**Goal of the exercise:** Your task is to repeat exactly the lines from the one with "Dit køretøj er" through the end of the records, both included; please leave the pictures out.

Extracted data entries

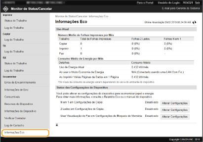 É apresentado o volume total mensal de impressões e o consumo total mensal de energia. Pode apresentar o ecrã de informações ecológicas e alterar as definições para reduzir o consumo de papel e energia.
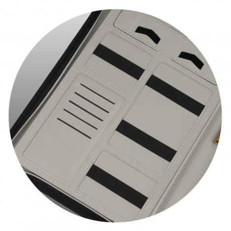 Durable PU leather portfolio with a tan strip and a zippered closure. It includes an A4 lined pad, a phone stand, a double strap holder, two single strap holders, a pen holder, and six business card holders.
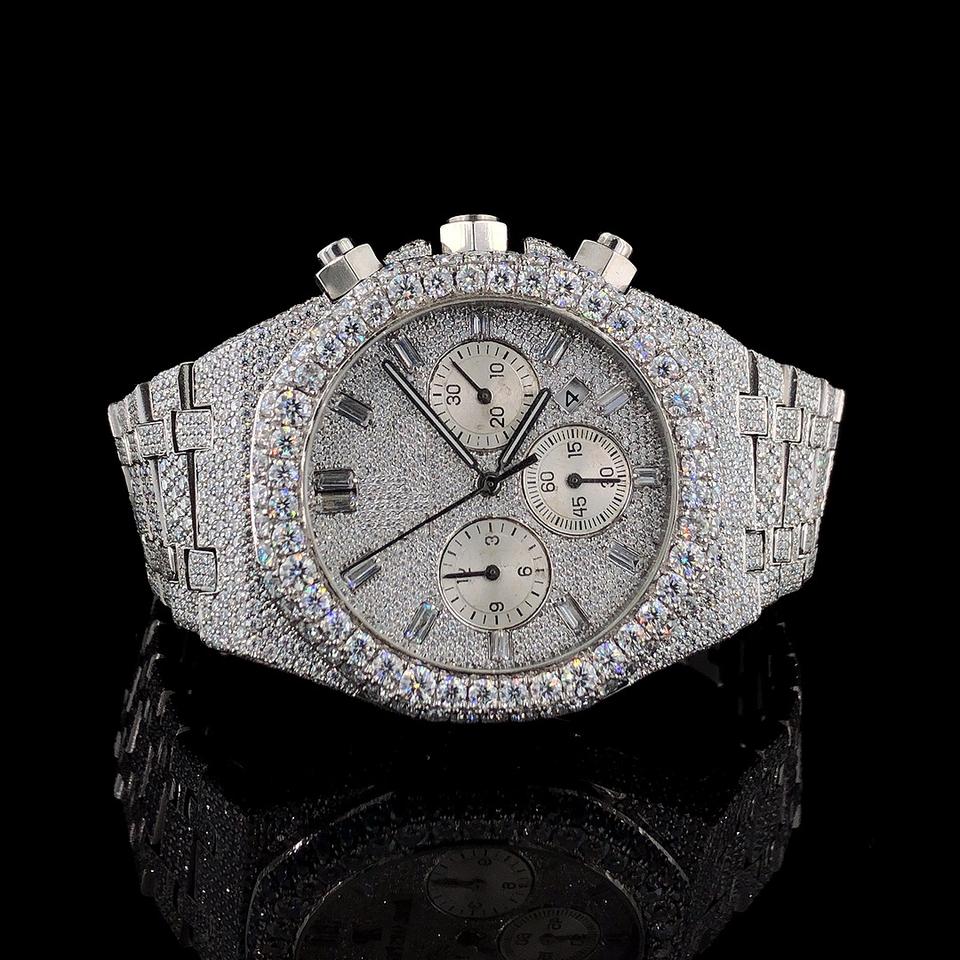 นาฬิกาควอตซ์หรูหราสไตล์สปอร์ต ประดับเพชรโมอิสซาไนต์ VVS1 ทรงเหลี่ยมบริลเลียนท์ แฟชั่นธุรกิจ ฮิปฮอป สายสแตนเลสสตีลแบบโบราณ
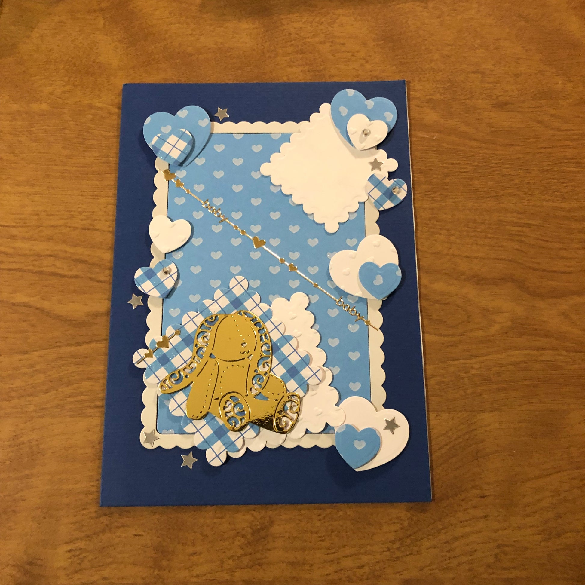 Blue New Baby Teddy Bear Congratulations Card Handmade
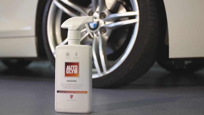 Dit køretøj er under konstant angreb fra forurenende stoffer i luften. Mange af disse stoffer, er små jernpartikler, som fremstår som små brune eller orange pletter i lakken, og som bremsestøv på hjul. Disse partikler kan dog fjernes effektivt med Autoglym Magma. Magma kan bruges sikkert på alle yderdele, også glas, men dets primære formål er at rense lak og fælge.
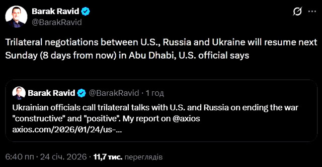 Трехсторонние переговоры между США, Россией и Украиной возобновятся в следующее воскресенье, 1 февраля, в Абу-Даби.
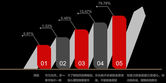 廉思課題組的報(bào)告顯示,缺乏急救知識(shí)是大學(xué)生不愿參與現(xiàn)場(chǎng)急救的原因之一。當(dāng)遇到呼吸停止的無意識(shí)人員時(shí),68.33%的被調(diào)查者選擇“撥打120,并在原地等候”,能“立即上前查看,并采取急救措施”的只有25.76%。
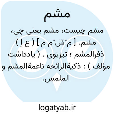مشم. [ م َش َم م ] ( ع اِ ) ذفرالمشم؛ تیزبوی. ( یادداشت مؤلف ): ذکیةالرائحه ناعمةالمشم و الملمس. ( ابن البیطار ) ( یادداشت مؤلف ).

**Solution to the problem:**
 Dit køretøj er under konstant angreb fra forurenende stoffer i luften. Mange af disse stoffer, er små jernpartikler, som fremstår som små brune eller orange pletter i lakken, og som bremsestøv på hjul. Disse partikler kan dog fjernes effektivt med Autoglym Magma. Magma kan bruges sikkert på alle yderdele, også glas, men dets primære formål er at rense lak og fælge.
 Трехсторонние переговоры между США, Россией и Украиной возобновятся в следующее воскресенье, 1 февраля, в Абу-Даби.
 廉思課題組的報(bào)告顯示,缺乏急救知識(shí)是大學(xué)生不愿參與現(xiàn)場(chǎng)急救的原因之一。當(dāng)遇到呼吸停止的無意識(shí)人員時(shí),68.33%的被調(diào)查者選擇“撥打120,并在原地等候”,能“立即上前查看,并采取急救措施”的只有25.76%。
مشم. [ م َش َم م ] ( ع اِ ) ذفرالمشم؛ تیزبوی. ( یادداشت مؤلف ): ذکیةالرائحه ناعمةالمشم و الملمس. ( ابن البیطار ) ( یادداشت مؤلف ).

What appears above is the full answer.